There are other, more direct benefits of a bear market in stocks and real estate. For one thing, it would very likely bankrupt many of the politically connected billionaires and tech companies whose wokery has so disfigured the last decade. The game so popular since 2010 of leveraging to the eyeballs and investing in rubbish that tracks the S&P 500 would be utterly discredited. As in the 1970s, reducing the Magnificent Seven to the Mediocre Has-Been Seven would also be hugely beneficial to the cause of small business innovation, which would flourish when the dead hand of their blighting monopoly was removed. Yes, the deaths of Polaroid and Kodak were a pity, but do we really miss Litton Industries or ITT?
A real estate collapse would be even more beneficial, restoring the ability of Millennials and Generation Z to become homeowners, thereby perhaps leading them to replicate that blissful suburban large-family 1950s idyll that was the high point of U.S. civilization. As for commercial and retail real estate, its collapse will mostly eliminate the less savory end of the real estate community, which will not be much missed.
A true bear market for Christmas will not bring much of a Happy New Year in 2024. But the outlook for 2025 and beyond would be truly glorious!

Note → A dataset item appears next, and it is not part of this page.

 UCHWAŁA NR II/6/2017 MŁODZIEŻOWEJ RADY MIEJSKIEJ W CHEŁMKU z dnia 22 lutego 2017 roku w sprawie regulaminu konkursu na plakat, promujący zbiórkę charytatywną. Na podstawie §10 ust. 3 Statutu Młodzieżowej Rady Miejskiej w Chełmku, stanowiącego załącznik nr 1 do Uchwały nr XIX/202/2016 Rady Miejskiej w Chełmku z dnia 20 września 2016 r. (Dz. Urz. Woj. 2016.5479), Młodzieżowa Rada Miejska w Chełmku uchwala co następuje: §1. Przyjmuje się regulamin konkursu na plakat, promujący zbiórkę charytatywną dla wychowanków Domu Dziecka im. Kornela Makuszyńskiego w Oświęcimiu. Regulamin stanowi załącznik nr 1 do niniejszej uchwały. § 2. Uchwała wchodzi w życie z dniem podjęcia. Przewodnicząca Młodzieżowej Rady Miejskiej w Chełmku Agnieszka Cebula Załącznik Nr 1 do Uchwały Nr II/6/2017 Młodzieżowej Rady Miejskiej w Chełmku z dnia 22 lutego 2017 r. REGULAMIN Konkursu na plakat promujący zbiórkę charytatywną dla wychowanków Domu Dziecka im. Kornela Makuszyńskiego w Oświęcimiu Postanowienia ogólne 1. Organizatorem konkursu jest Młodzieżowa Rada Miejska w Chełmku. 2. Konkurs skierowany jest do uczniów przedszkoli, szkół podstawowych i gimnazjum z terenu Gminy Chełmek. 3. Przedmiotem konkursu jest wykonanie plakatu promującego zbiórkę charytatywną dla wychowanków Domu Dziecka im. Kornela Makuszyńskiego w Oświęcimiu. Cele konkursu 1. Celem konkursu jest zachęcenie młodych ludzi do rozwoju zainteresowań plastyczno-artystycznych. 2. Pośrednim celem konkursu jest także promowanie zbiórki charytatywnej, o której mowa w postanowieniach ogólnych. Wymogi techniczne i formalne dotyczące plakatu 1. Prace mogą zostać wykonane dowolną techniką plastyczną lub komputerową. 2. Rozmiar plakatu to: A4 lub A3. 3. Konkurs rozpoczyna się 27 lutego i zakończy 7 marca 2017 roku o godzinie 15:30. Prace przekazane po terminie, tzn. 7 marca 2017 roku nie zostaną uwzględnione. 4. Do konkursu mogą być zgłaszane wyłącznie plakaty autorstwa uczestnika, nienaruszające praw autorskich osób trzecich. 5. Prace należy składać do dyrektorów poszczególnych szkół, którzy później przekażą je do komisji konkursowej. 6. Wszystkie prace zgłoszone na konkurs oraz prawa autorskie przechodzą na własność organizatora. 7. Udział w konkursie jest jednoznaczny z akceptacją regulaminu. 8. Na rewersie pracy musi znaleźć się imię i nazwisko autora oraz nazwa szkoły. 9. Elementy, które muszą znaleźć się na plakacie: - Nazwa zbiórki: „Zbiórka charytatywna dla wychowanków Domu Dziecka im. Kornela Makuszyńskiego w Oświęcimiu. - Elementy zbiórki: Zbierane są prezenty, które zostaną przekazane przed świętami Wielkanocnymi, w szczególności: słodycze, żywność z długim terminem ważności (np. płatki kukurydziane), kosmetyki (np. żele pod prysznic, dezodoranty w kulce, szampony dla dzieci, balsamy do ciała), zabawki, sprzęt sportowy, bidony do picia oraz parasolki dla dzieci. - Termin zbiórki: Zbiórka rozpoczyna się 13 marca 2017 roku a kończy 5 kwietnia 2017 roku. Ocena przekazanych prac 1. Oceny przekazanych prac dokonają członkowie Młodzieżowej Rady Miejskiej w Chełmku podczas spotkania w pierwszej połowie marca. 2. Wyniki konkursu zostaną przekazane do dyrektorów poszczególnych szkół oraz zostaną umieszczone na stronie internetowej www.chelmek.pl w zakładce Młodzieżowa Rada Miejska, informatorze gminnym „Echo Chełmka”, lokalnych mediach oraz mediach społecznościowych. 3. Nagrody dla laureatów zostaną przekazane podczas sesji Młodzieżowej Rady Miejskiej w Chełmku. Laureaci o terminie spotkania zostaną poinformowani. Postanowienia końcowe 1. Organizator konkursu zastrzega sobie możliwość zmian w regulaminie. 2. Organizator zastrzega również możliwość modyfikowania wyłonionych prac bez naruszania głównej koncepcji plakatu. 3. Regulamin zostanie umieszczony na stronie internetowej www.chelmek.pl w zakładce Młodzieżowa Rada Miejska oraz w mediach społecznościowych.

(The Bear’s Lair is a weekly column that is intended to appear each Monday, an appropriately gloomy day of the week. Its rationale is that the proportion of “sell” recommendations put out by Wall Street houses remains far below that of “buy” recommendations. Accordingly, investors have an excess of positive information and very little negative information. The column thus takes the ursine view of life and the market, in the hope that it may be usefully different from what investors see elsewhere.)